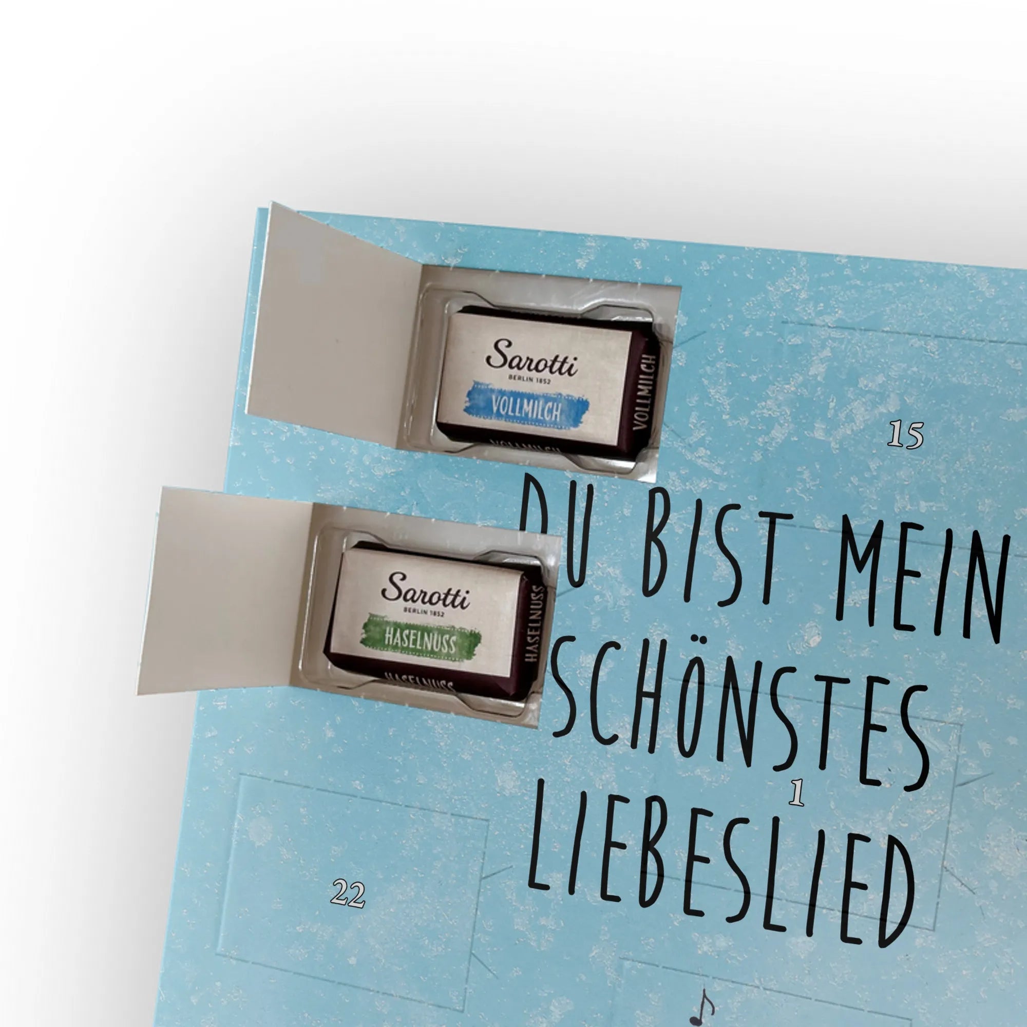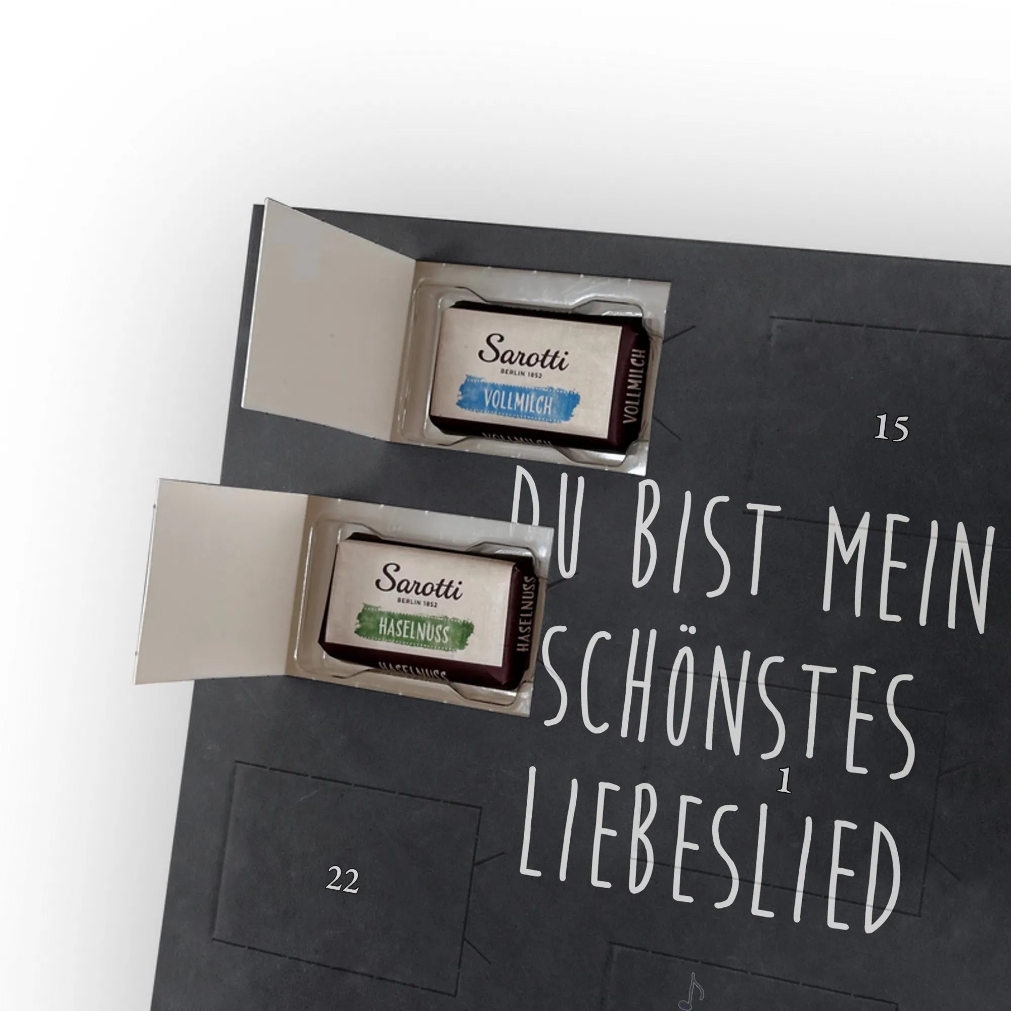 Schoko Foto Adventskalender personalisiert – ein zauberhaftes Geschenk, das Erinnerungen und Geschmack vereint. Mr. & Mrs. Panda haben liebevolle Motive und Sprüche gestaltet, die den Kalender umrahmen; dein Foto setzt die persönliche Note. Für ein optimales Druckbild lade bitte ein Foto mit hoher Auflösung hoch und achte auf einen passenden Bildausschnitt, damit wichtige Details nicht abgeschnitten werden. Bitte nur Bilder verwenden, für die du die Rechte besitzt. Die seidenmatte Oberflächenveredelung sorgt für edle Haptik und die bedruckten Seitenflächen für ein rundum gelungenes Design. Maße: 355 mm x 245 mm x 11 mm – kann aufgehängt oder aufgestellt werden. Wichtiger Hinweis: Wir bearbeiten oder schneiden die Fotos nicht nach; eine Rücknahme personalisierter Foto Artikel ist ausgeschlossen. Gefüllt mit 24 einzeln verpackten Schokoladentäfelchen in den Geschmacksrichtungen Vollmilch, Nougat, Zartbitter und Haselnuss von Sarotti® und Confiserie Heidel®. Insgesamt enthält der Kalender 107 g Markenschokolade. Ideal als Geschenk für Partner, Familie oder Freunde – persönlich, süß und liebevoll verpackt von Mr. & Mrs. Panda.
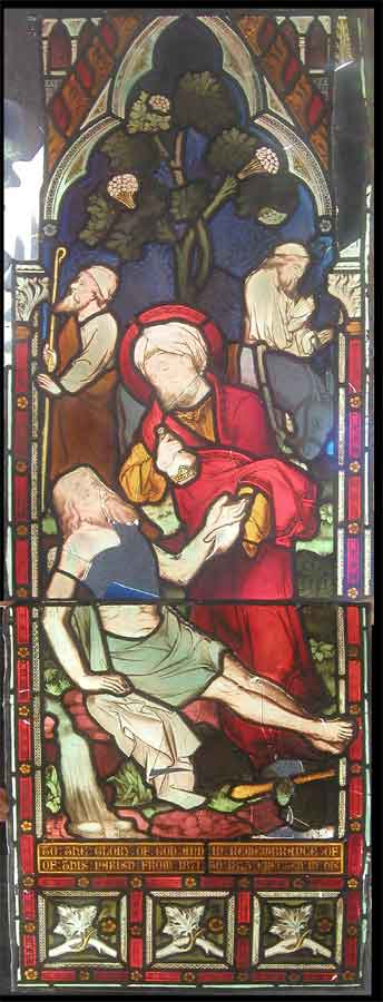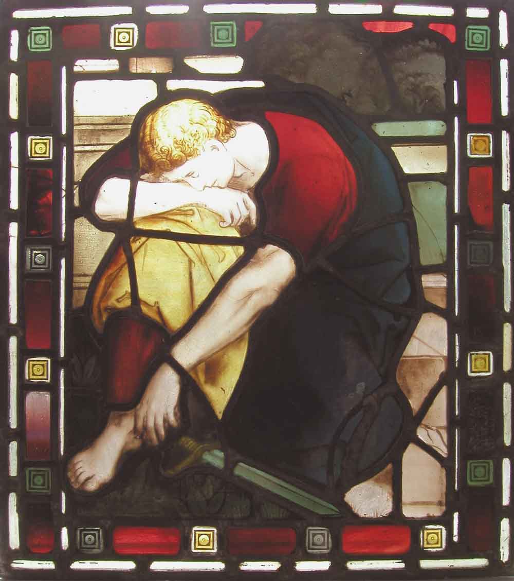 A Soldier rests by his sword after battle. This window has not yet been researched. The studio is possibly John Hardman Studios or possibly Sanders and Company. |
::::
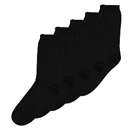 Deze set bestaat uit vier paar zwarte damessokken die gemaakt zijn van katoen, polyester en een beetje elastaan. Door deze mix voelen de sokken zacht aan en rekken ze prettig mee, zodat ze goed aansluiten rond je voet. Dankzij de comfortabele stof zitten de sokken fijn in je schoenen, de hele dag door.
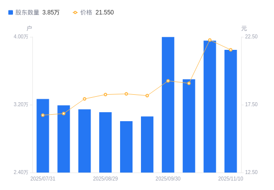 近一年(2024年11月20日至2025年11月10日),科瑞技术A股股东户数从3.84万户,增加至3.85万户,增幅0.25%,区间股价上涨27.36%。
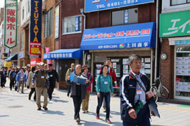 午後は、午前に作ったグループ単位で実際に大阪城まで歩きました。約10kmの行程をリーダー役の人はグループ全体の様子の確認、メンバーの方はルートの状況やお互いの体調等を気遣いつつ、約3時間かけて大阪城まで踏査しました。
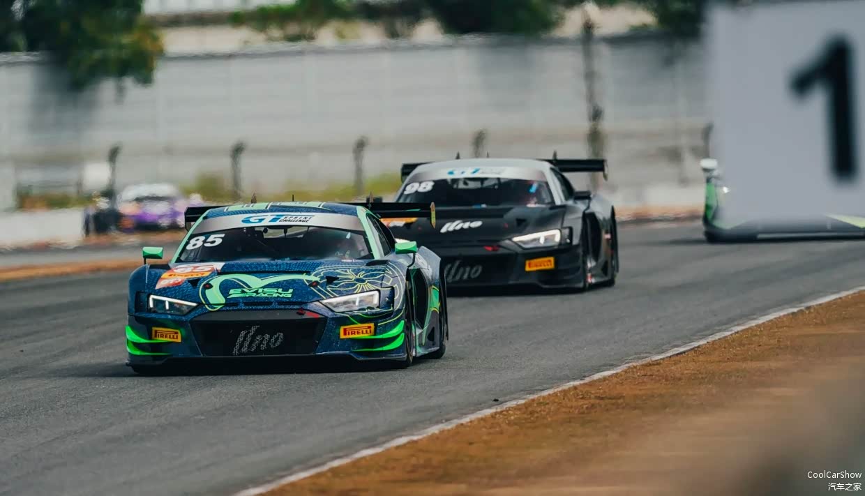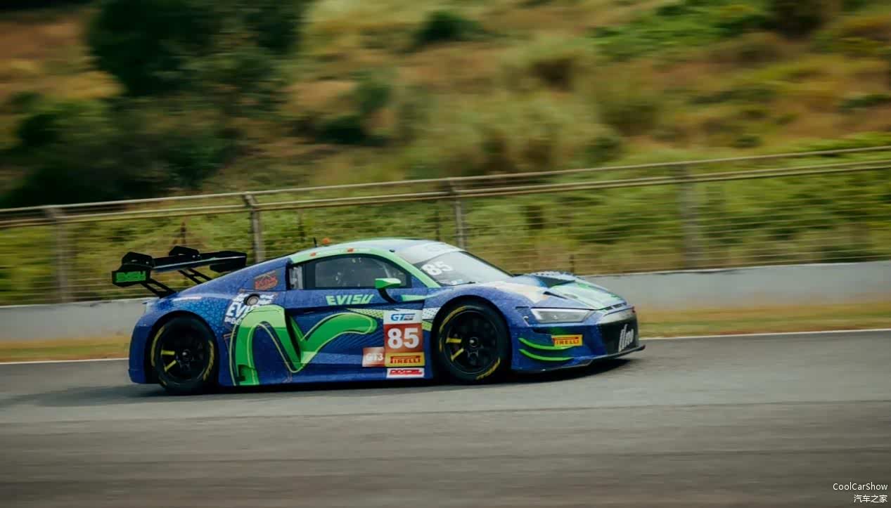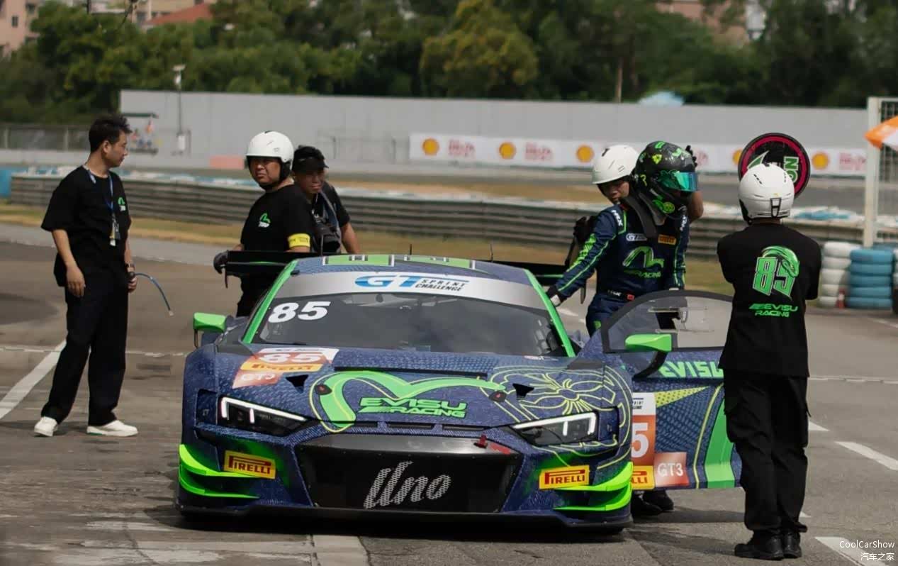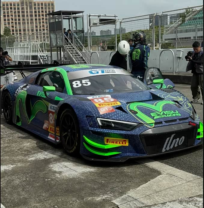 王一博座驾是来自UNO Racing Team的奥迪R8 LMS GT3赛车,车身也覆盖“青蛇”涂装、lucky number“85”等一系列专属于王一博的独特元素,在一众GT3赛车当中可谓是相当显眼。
::::
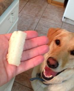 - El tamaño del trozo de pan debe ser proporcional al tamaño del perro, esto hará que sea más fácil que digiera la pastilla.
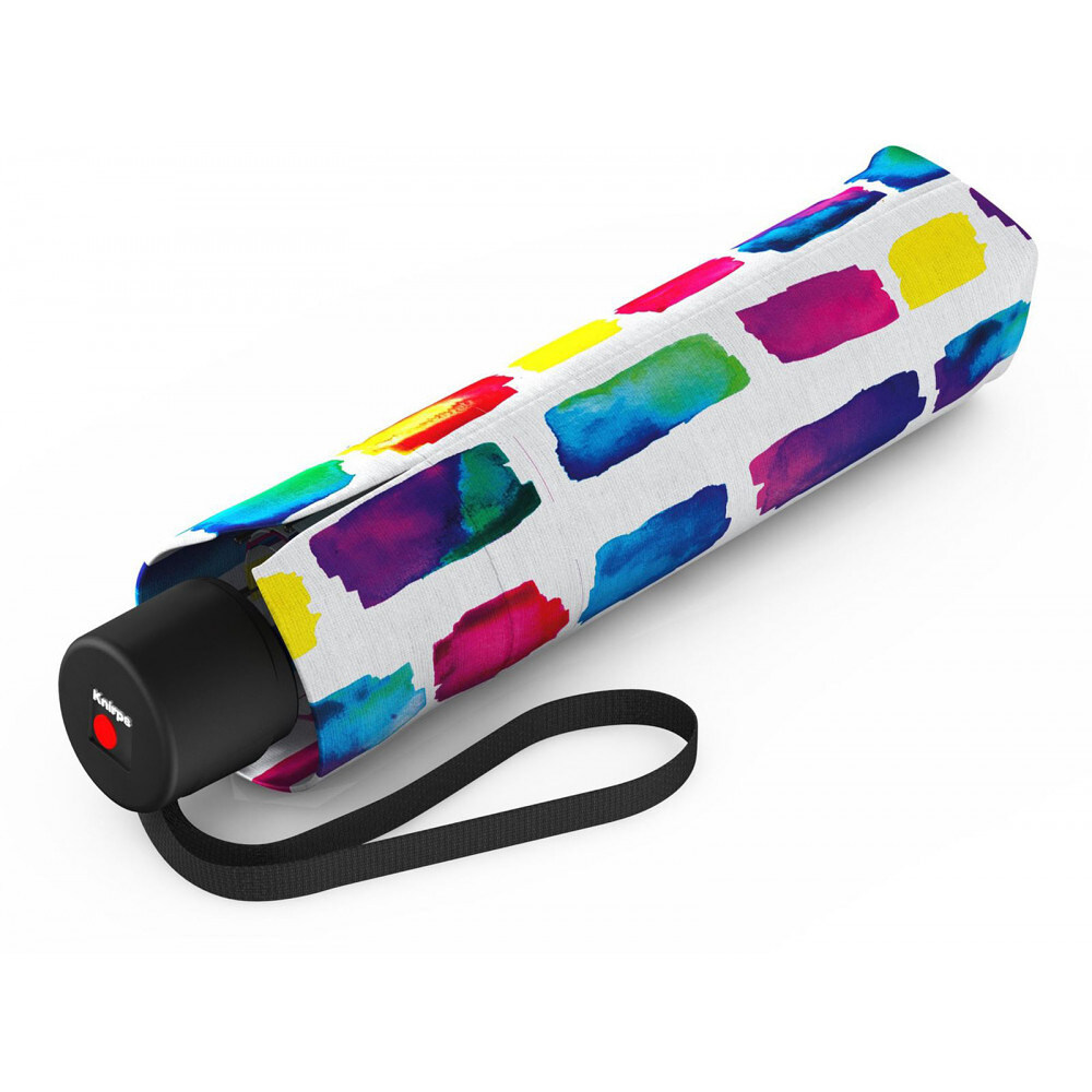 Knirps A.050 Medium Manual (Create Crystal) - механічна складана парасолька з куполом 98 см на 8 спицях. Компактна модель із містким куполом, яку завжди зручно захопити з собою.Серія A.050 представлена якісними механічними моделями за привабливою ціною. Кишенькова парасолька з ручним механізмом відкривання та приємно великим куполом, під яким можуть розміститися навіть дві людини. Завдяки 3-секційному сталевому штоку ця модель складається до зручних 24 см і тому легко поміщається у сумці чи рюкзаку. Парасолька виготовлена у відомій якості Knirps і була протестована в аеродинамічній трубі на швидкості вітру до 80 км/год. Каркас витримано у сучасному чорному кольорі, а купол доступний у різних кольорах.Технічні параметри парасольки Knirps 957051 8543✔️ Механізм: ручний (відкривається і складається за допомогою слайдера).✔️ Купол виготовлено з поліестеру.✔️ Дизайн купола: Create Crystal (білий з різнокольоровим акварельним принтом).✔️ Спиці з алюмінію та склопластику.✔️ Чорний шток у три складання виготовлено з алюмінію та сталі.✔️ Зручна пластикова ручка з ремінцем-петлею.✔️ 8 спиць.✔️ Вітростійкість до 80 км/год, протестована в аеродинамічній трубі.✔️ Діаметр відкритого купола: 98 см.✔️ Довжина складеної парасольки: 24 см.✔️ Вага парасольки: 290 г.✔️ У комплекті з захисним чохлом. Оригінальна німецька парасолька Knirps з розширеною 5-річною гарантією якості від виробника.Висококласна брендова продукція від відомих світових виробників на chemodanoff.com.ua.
::::
## Task item:
Exact copy, no pictures. Write out the lines in the entries above, starting with the line with "Deze set bestaat" and going on through the line with "王一博座驾是来自UNO Racing Team的奥迪R8", keeping both.

## Your response:
 Deze set bestaat uit vier paar zwarte damessokken die gemaakt zijn van katoen, polyester en een beetje elastaan. Door deze mix voelen de sokken zacht aan en rekken ze prettig mee, zodat ze goed aansluiten rond je voet. Dankzij de comfortabele stof zitten de sokken fijn in je schoenen, de hele dag door.
 近一年(2024年11月20日至2025年11月10日),科瑞技术A股股东户数从3.84万户,增加至3.85万户,增幅0.25%,区间股价上涨27.36%。
 午後は、午前に作ったグループ単位で実際に大阪城まで歩きました。約10kmの行程をリーダー役の人はグループ全体の様子の確認、メンバーの方はルートの状況やお互いの体調等を気遣いつつ、約3時間かけて大阪城まで踏査しました。
 王一博座驾是来自UNO Racing Team的奥迪R8 LMS GT3赛车,车身也覆盖“青蛇”涂装、lucky number“85”等一系列专属于王一博的独特元素,在一众GT3赛车当中可谓是相当显眼。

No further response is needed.